## Task to complete
In the lines below, output everything from the first line through the line containing "2way:原石のトルマリンとロードナイトのピアス" exactly as it is. Pictures are not part of the output.

## Supplied data
• • •

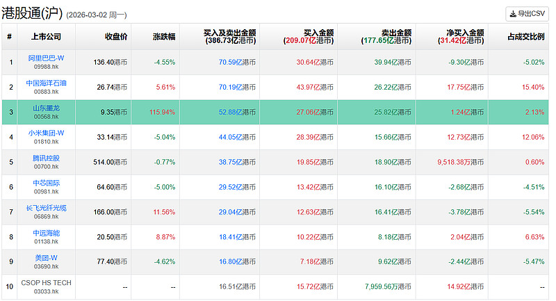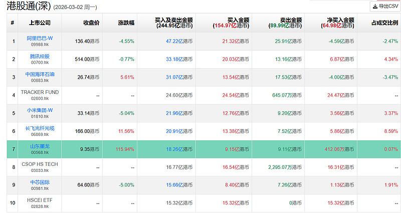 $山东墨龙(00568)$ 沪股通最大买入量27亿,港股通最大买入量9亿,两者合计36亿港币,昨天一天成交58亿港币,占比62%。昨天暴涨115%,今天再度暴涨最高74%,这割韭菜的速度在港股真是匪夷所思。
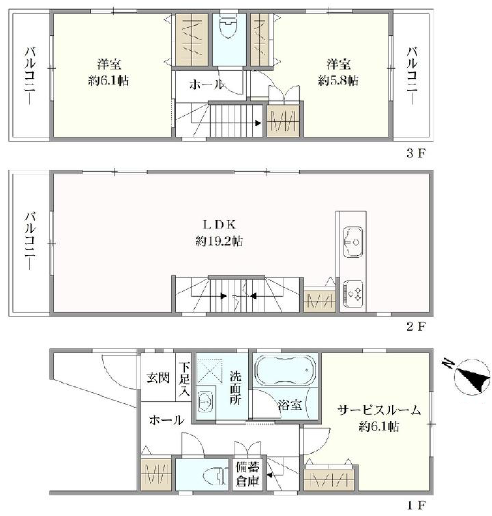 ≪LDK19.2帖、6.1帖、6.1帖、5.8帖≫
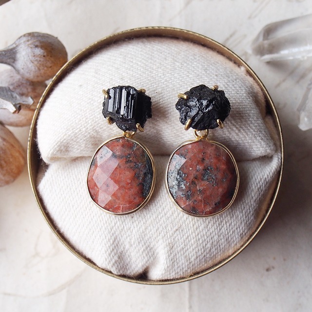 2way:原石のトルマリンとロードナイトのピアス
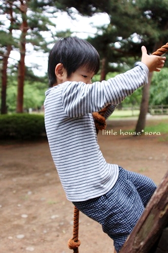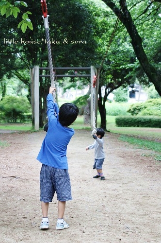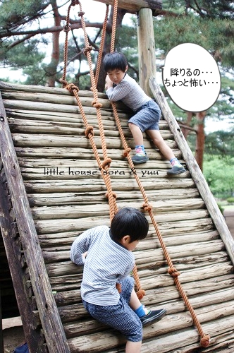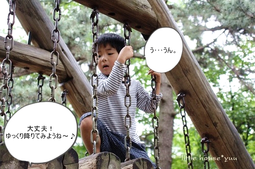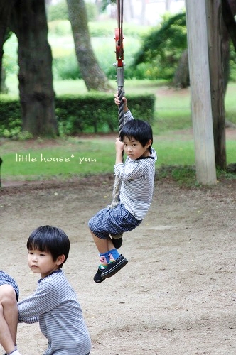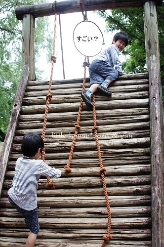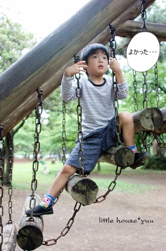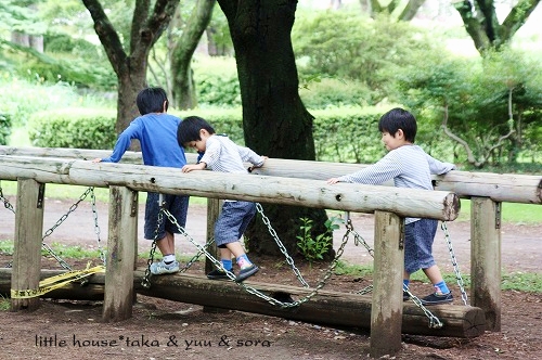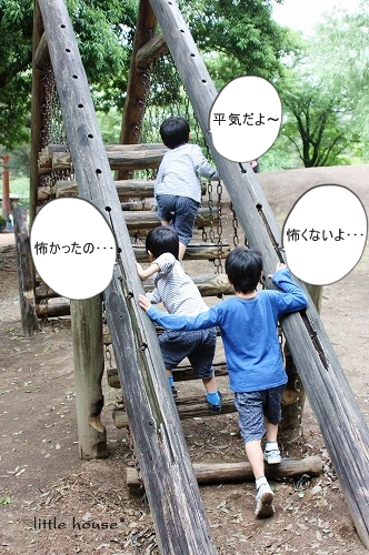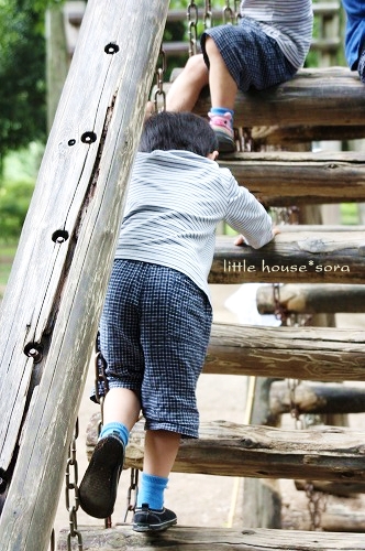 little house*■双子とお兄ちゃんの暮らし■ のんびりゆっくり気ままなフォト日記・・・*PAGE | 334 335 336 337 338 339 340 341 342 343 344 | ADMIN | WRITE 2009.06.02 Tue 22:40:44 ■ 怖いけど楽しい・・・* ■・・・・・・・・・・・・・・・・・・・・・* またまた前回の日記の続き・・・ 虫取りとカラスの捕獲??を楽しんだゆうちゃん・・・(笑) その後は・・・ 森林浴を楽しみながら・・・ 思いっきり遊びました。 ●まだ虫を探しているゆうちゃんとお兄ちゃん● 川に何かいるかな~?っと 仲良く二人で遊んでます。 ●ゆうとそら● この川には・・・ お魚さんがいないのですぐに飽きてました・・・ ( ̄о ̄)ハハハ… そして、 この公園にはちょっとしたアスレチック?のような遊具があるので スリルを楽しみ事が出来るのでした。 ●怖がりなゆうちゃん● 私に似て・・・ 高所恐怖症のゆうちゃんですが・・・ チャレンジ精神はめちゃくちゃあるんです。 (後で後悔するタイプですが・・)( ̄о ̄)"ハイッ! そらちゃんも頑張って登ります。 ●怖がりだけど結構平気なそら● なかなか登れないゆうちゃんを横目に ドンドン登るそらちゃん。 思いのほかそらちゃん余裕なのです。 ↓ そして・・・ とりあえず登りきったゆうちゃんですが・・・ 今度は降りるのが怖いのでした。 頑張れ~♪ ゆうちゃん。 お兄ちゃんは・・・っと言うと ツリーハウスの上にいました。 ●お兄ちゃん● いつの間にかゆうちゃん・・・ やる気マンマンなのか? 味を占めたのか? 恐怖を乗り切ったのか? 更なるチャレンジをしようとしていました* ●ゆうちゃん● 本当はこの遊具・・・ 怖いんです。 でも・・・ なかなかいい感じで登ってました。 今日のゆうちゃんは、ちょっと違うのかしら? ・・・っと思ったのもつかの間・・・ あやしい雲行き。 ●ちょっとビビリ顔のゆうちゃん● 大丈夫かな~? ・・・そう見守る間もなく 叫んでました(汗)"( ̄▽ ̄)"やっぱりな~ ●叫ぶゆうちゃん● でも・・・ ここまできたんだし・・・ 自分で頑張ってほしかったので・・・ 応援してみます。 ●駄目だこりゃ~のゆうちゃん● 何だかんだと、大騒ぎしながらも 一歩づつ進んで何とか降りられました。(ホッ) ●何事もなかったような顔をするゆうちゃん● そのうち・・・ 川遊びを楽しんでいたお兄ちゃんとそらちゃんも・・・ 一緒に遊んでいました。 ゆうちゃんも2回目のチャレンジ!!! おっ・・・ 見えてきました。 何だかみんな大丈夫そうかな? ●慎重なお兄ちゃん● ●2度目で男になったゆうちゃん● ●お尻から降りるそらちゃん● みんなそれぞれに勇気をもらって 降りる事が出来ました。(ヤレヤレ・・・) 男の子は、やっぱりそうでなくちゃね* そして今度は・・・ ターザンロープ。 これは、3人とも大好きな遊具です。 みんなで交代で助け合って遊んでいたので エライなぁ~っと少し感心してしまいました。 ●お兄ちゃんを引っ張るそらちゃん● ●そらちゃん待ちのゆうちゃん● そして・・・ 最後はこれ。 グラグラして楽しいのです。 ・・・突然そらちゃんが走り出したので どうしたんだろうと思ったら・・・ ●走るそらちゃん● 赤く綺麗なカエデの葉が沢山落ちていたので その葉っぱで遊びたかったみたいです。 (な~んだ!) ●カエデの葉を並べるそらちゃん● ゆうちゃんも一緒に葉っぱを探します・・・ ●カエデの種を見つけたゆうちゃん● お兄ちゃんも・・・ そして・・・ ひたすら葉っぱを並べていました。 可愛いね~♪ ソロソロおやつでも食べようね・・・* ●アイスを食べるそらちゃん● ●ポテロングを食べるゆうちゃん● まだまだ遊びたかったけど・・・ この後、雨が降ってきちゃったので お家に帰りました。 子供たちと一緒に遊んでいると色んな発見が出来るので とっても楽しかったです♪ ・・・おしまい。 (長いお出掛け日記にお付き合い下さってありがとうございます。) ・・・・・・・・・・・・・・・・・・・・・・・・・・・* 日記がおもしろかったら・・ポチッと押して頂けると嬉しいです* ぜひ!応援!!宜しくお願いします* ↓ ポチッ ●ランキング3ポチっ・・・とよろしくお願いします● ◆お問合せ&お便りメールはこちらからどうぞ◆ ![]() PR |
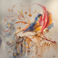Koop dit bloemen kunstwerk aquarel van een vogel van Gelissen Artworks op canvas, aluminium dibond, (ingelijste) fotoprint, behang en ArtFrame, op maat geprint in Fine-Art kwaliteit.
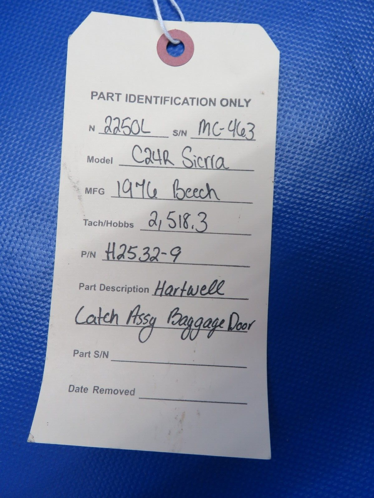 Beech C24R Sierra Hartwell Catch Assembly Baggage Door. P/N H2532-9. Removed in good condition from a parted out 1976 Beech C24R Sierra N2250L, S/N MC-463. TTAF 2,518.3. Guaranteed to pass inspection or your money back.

• • •

## Solution for this exercise
 $山东墨龙(00568)$ 沪股通最大买入量27亿,港股通最大买入量9亿,两者合计36亿港币,昨天一天成交58亿港币,占比62%。昨天暴涨115%,今天再度暴涨最高74%,这割韭菜的速度在港股真是匪夷所思。
 ≪LDK19.2帖、6.1帖、6.1帖、5.8帖≫
 2way:原石のトルマリンとロードナイトのピアス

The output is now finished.